CAP is a simple workflow manager specialized for genomic cohort analysis (see ReadMe). Here is a brief explanatio of the terminology used.

Glossary:

  • Operation & Job: Think of a function and a function-call. We have the same concept here. The Operation is like a function and the Job is like a function-call. Operations are implemented in the CAP source code. Jobs are defined in the workflow file. Functions have arguments and a return value. Operations have DataHandles (input and output data) and Parameters. Currently, limited number of operations are implmented in CAP. More operations will be introduced with future version.
  • Workflow: A file that describes the analysis.
  • DataHandle: DataHandle is the specification of data. Where and how the data is stored permanently? How to load data into memory?
  • MicroOperation: Imagine you want to make some tiny changes to a table just before passing the table to a function (without modifying the original table). Or, you want to make some changes to the output of the function. MicroOperations are designed for these cases. They act on a signle DataHandle just before being used or after being produced in a job.
  • Runtime is the information about execution of the workflow (i.e. if a job is compeleted). CAP constantly updates runtime information in the workflow as the analysis is progressed.
  • ExecutionPlan is a list of job names to be executed in the same orde they appear in the list1.
  • SchemaCheck: Errors in the workflow could cuase runtime exceptions. As a consecuence, CAP havily check the workflow at different stages of the execution to make sure of its correctness. There checks are mainly done by SchemaCheck (JSON Schema) but some of the checks are performed by python code.

Notes:

  • CAP can be executed in command line and through a python program (see Geting Started).
  • CAP requiers a path to the workflow file to be executed.
  • If a CAP process is re-executed after a failour (assuming you fix the cause of the failour), it skips all the jobs which are completed and continue from where it fails. This is possible using the runtime information that are stored in workflow file permanently.
  • CAP makes changes to the workflow. This includes the inferred and runtime information. The resulting workflow my not look neat. It is recomended to have a back up of the workflow prior to the execution.
  • CAP produce a detailed log file that is helpful to investigate errors

Learn More about CAP

If you don't know YAML, watch this 4-minute tutorial here. This is helpful when you read the following documents.

You may first try our step-by-step tutorials in Getting Started to have a better feeling of how CAP work.

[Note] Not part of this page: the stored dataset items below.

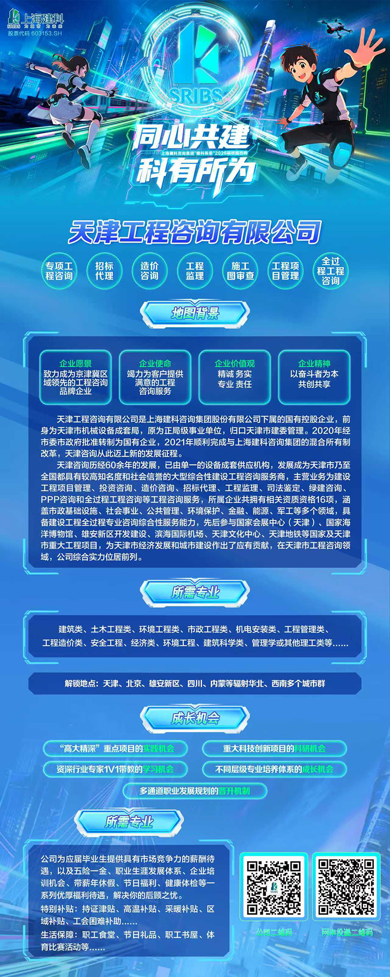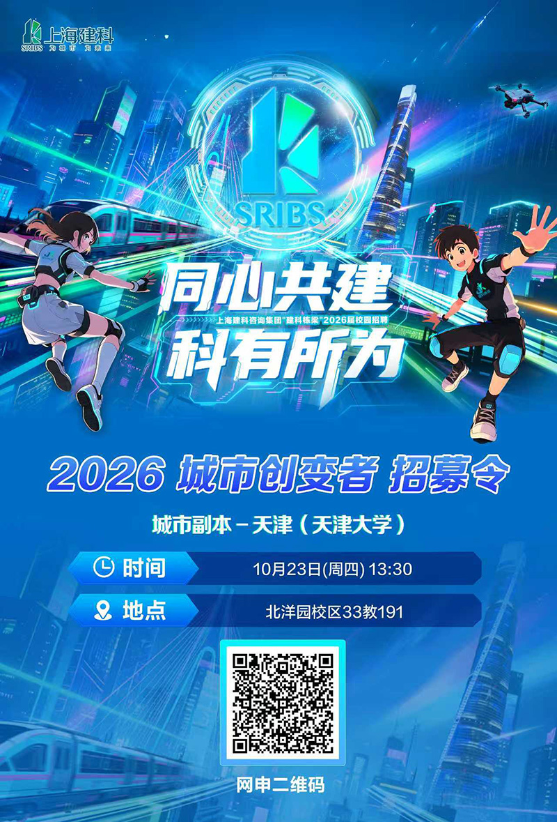 同心共建 科有所為天津工程咨詢有限公司啟動2026屆校園招聘 更新時間:2025-10-22 點擊:219 所屬欄目:公司新聞 誠邀2026屆畢業生參加城市專場宣講會(天津大學) 簡歷投遞方式 郵箱:tec_hr@sribs.com 電話:022-88365660 “我與天津咨詢的相遇” 2026屆校園招聘主題vlog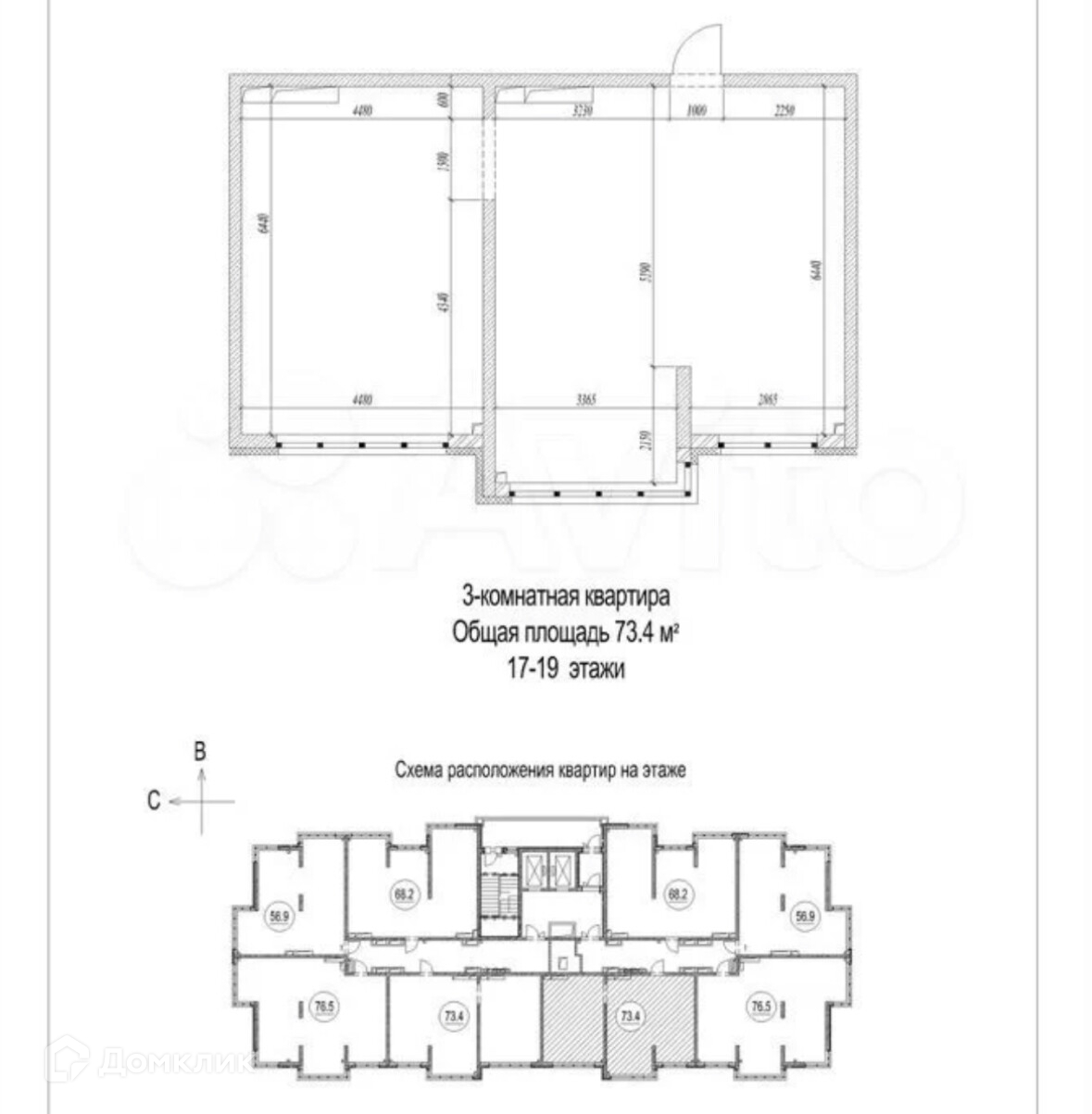 Общая площадь 73.4 м2
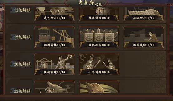 1. 内务科技:内务科技有资源产出相关科技,有战斗力相关科技,只讨论战斗力相关。5级解锁的攻击力阵型和瞄准射击,一般优先研究瞄准射击,因为一般输出来源于后排,如果玩家阵容前排战斗力较高除外。7级解锁的防御阵型和短兵相接,优先研究防御阵型,短兵相接给后排增加防御,作用不大。12级解锁的武艺研习,厚黑研习,兵法研习,分别百分比增加武力,智力,统率,玩家需要根据自身阵容选择优先研究。22级解锁英勇和诡道,玩家可在战斗后的统计里看自己阵容的伤害构成,普通伤害多则优先研究英勇,计策伤害多则优先研究诡道。25级解锁坚毅和洞察,玩家可以在战斗后统计里看对手的伤害构成,对手普通伤害多则优先研究坚毅,对手计策伤害多则优先研究洞察。30级解锁提升暴击和提升韧性,两个属性性价比比较接近。容易忽略的是武将派遣,给内务府派遣高政治武将可大幅减少研究时间。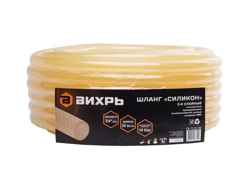 | Шланг поливочный "Силикон" трехслойный армир. 3/4дюйм 25м прозр. Вихрь 73/7/2/30 | 24.02.2026 | 1 шт. | 1 841,92 ₽ | шт. | от 1 дня |

The following documents explain different aspect of the CAP in more details:

  • Workflow: Specification of the workflow.
  • DataHandle: Specification of DataHandle as well as the flow of data in the program.
  • Operations: Specification of Operations
  • MicroOperations: Specification of MicorOperations.

Installation

You can simply install cap using pip.

pip install cap-genomics

Note that Hail is a requierment of the CAP. Hail has a few dependencies which must be installed prior to Hail installation. See here for more details.

Foot Notes

1: Since each job is parallelised oever several compute nodes to harvest entire compute resources, job-level parallelisation is not critical. Yet, we plan to offer job-level parallelisation in the future. Ultimately, CAP will identify the dependencies between jobs automatically and identify the execution plan dynamically (to be implemented).